**MATERIAL TO PROCESS**
■ ■ ■ ■ ■ ■ ■

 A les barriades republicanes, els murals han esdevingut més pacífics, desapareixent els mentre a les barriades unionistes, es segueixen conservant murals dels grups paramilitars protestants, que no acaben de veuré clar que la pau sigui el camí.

■ ■ ■ ■ ■ ■ ■

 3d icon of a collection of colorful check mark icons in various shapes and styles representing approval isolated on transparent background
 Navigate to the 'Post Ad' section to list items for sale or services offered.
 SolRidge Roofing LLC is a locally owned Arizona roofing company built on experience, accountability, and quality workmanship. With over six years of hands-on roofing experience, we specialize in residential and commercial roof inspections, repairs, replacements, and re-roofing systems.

■ ■ ■ ■ ■ ■ ■

**ASSIGNMENT**
Going back over the entries above, copy word for word every line from the one that has "3d icon of a" on through the one that has "Navigate to the".

**FINISHED EXERCISE**
 3d icon of a collection of colorful check mark icons in various shapes and styles representing approval isolated on transparent background
 Navigate to the 'Post Ad' section to list items for sale or services offered.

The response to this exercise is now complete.